Graupner is not the same. This firm changed a lot. I don't like it.
Beside, got question to you. Did you see that Mini Rio by Aquacraft? Is it possible to buy it with remote except this 75 Mhz?
Thanks
to ryan:when I was younger Graupner had wide range of any equipment. during few last years they reduce their offer as much as possible but why? in addition, you also try to learn something: heat is being generated by current, or call it 'amps' running in aramature and believe me IT CHANGES MAGNET CHARACTERISTICS. I have degree in electricity, so will you be so kind and take it under consideration, will you?
Graupner is not the same. This firm changed a lot. I don't like it.
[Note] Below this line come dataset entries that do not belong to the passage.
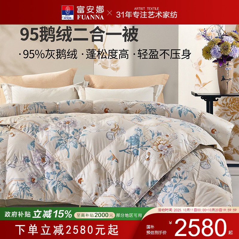 富安娜家纺鹅绒被95白鹅绒子母被二合一被芯春秋单人双人羽绒被芯
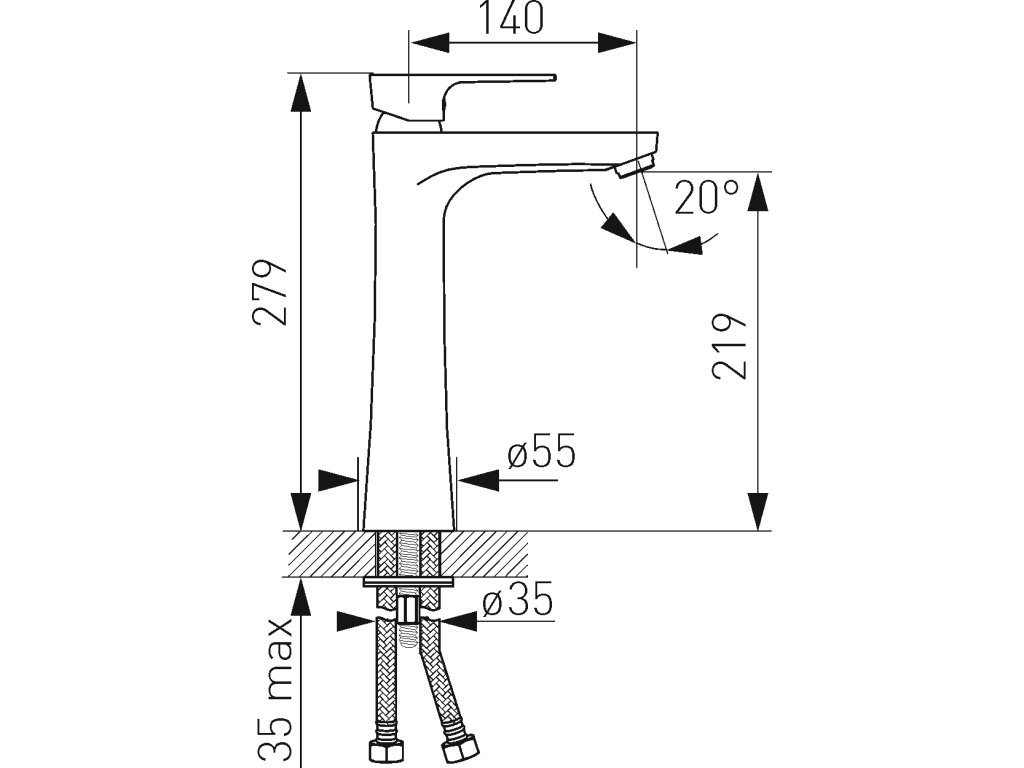Kvalitní a odolná keramická kartuše 35mm s prodlouženou zárukou 5 let. Prvotřídní chromové provedení. Umyvadlová baterie bez výpusti s výškou 279 mm a délkou výtokového ramínka až 160 mm. Součástí baterie jsou přívodní hadičky.
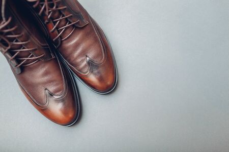 Shoes, stylish leather boots for men. Male winter, autumn or spring fashion. Brown footwear on grey background. Space
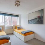 Ruime vierde slaapkamer van ca. 23 m2 (2 slaapkamers is mogelijk), een dakkapel en middels de openslaande deuren toegang tot het dakterras.
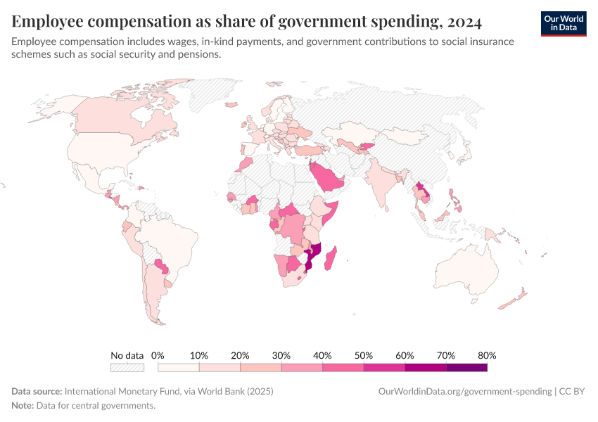 The next chart shows the share of central government spending that goes to the compensation of government employees. Compensation of employees includes all salaries and benefits (both in cash and in-kind).
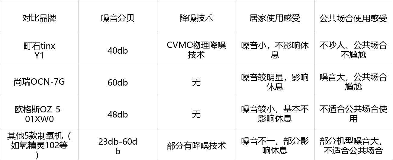 第三梯队的尚瑞OCN-7G和氧精灵102,噪音高达60db,没有降噪技术,运行时的噪音很大,就像平时的吹风机声音,老人使用时会觉得很吵,甚至会产生抵触情绪,公共场合使用也特别尴尬;三九CR-5AW的噪音42db,虽然不算特别大,但运行时会有明显的杂音,体验不好。
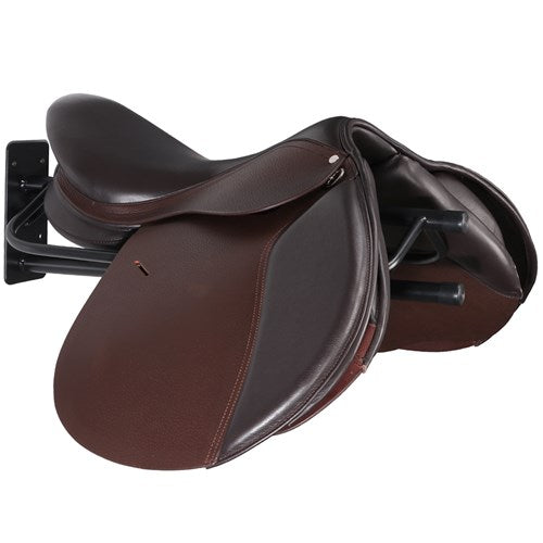 Elevate your tack room organization with our Dual-Bar Saddle Rack featuring an integrated pad hanger. Crafted from durable powder-coated tubular steel, this versatile rack accommodates both heavy Western and English saddles. The 60cm long top bar securely holds your saddle, while the lower bar, positioned 6cm below, provides ample space for airing and drying saddle pads. At 29cm wide, this compact design maximizes space efficiency in stables or tack rooms. The sturdy wall-mounting plate ensures stability and easy installation. Experience the convenience of organized, accessible tack storage. Upgrade your equestrian setup today and enjoy the benefits of a clutter-free space.
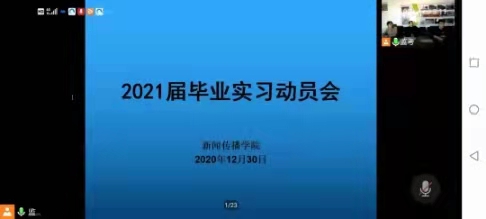 召开了2021届毕业实习动员线上会议。执行院长李世举、副院长顾广欣、新闻系主任于鹏亮、学生辅导员雷丽霞出席会议,2017级全体毕业生参加。

Beside, got question to you. Did you see that Mini Rio by Aquacraft? Is it possible to buy it with remote except this 75 Mhz?
Thanks
#48
Graupner was much more popular at the entry level of R/C boating 5-10 years ago. Since then they just can't keep up to companies like Aquacraft. Dealers like Hobby-Lobby slowly started dropping there products years ago as they weren't selling. I believe they only carry the systems Cat now.
Heat weakens the permanent magnet of any motor. Once this happens the motor will run excessively hot as efficiency has greatly deteriorated. Using Neodymium magnets will lessen the chance of this. Unfortunately most of Graupner motors use Ferrite magents.
I also don't understand why you keep listing your experience and credentials. I could do that just as easy, would it make me that much further ahead?
Ryan
Heat weakens the permanent magnet of any motor. Once this happens the motor will run excessively hot as efficiency has greatly deteriorated. Using Neodymium magnets will lessen the chance of this. Unfortunately most of Graupner motors use Ferrite magents.
I also don't understand why you keep listing your experience and credentials. I could do that just as easy, would it make me that much further ahead?